Yeah, that filter is the hot action! I am going to get one next time I need a filter for a small tank.


----------



## DirtyBlackSocks (Jan 23, 2008)

Let us now how those filters work out. I'm curious as to how loud they are.

I've always stuck with Eheim since they're whisper quiet and really high quality.


----------



## bradac56 (May 9, 2007)

I have several penn plax Cascade 300 & 400 internal canisters they run $9.99 for the 300's
and $15.00 for the 400's. While they are fully submersible I'm sure you could plumb a line
to it and run it behind the back of the tank.
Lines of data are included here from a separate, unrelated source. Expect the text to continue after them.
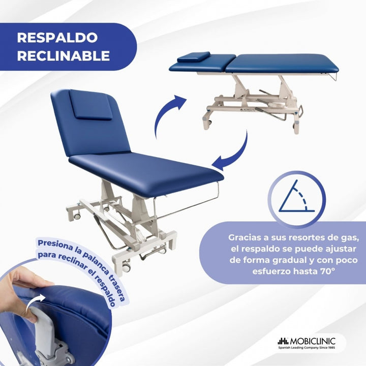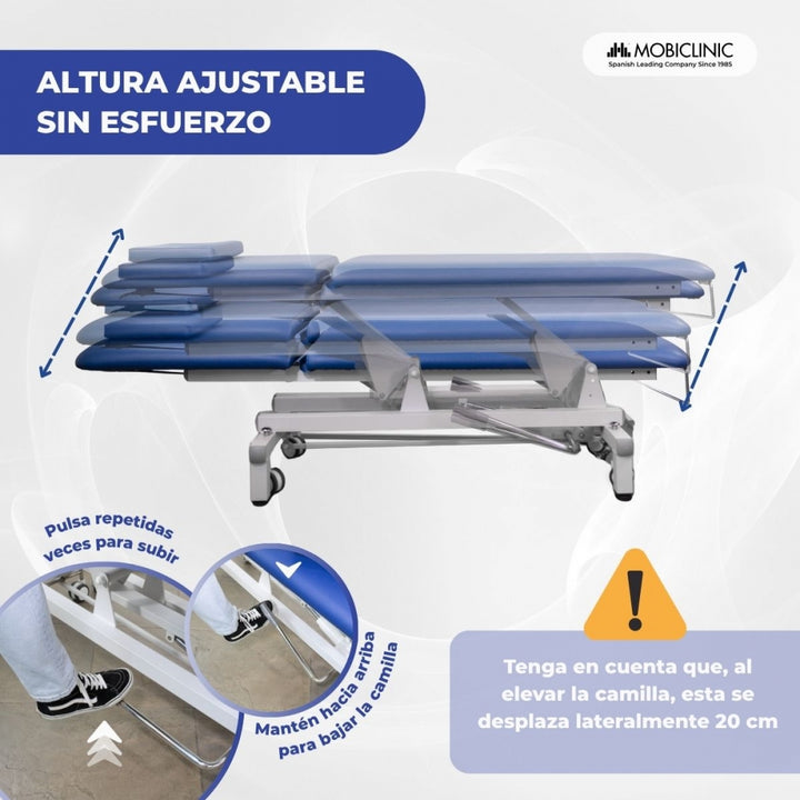 Camilla hidráulica | Altura regulable | Respaldo reclinable | Agujero facial | Ruedas escamoteables con niveladores | Mobiclinic
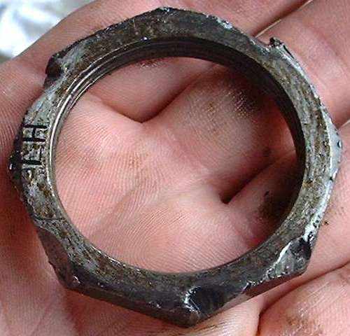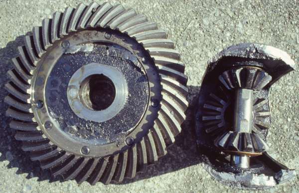 Broken differential carrier. A few of these have been reported. This seems to be a result of casting flaws. (Photo from David Breneman in Rosedale, WA, USA).
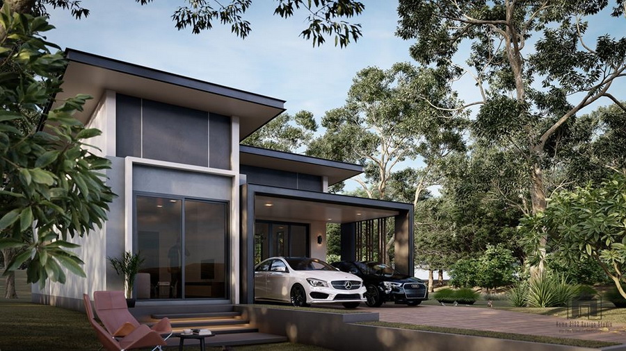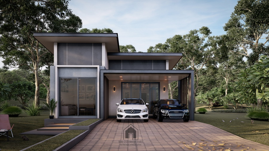 สำหรับแบบบ้านหลังนี้เป็นบ้านขนาดชั้นเดียว ตัวบ้านดีไซน์ทมรงโมเดิร์นเพดานยกสูง ความโดดเด่นจะอยู่ที่การออกแบบหลังทรงเพิงหมาแหงน ผนังภายนอกตกแต่งด้วยโทนสีครีมและเทา จึงให้บรรยากาศที่ดูสงบเย็นตา เป็นบ้านที่เหมาะกับคนยุคใหม่
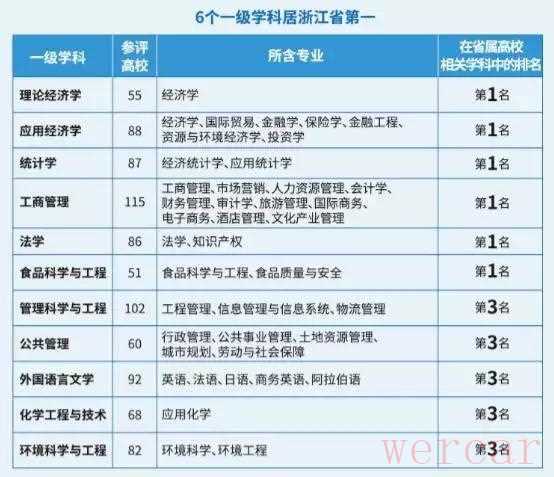 根据教育部发布的全国高校学科评估结果,优势学科数居浙江省属高校第3位。统计学、工商管理、应用经济学、食品科学与工程、法学、理论经济学等6个一级学科居浙江省属高校第1位
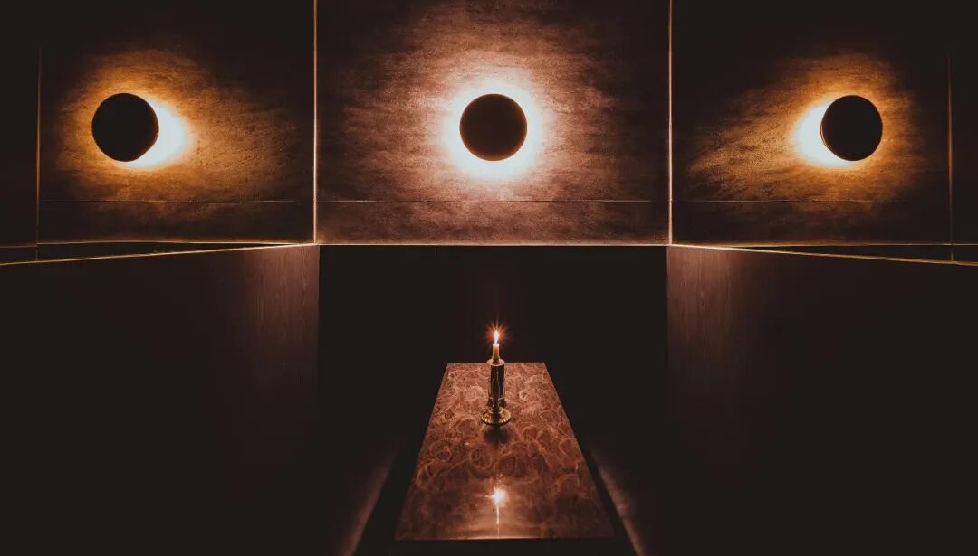如果细看ASPIRYNA太古里店的空间,会发现不少周周作为设计师兼艺术家的小心思,如桌上摆放的复古烛台,都是周周从欧洲各地的古董市场淘来的,还有颇具趣味的厕所,用的是半透明磨砂的自动上锁拉门,让人在本应最放松的如厕时刻却提心吊胆,担心门会突然打开。

I use them in very light bio-load male betta 2.5/5gal tanks with medium plant loads so I wouldn't
recommend them past low use situations.

- Brad


----------



## kakkoii (Jan 18, 2008)

Amiga276 said:


> Check this one out, as far as I know it is the smallest canister filter you can get. It should work for you. I will be getting one on the future.
> 
> http://www.drsfostersmith.com/product/prod_display.cfm?c=3578+3579+3580+16742&pcatid=16742


I have two of these filters. they work fairly well, but your tank will be much cleaner if you run a pump/powerhead for 3 days to improve water quality. Though it is needless. I would give it 4 stars. Very quiet.


----------



## SimplyOrange (Oct 5, 2007)

Amiga276 said:


> Check this one out, as far as I know it is the smallest canister filter you can get. It should work for you. I will be getting one on the future.
> 
> http://www.drsfostersmith.com/product/prod_display.cfm?c=3578+3579+3580+16742&pcatid=16742


that's is awesome.


----------



## Felf808 (Mar 21, 2006)

The one I bought broke before I could even get it running...


----------



## chadly (Dec 19, 2005)

It's a zoomed 501 knock off, pretty much the same thing. Prob cheaper for a reason. 

I have the 501, works great.


----------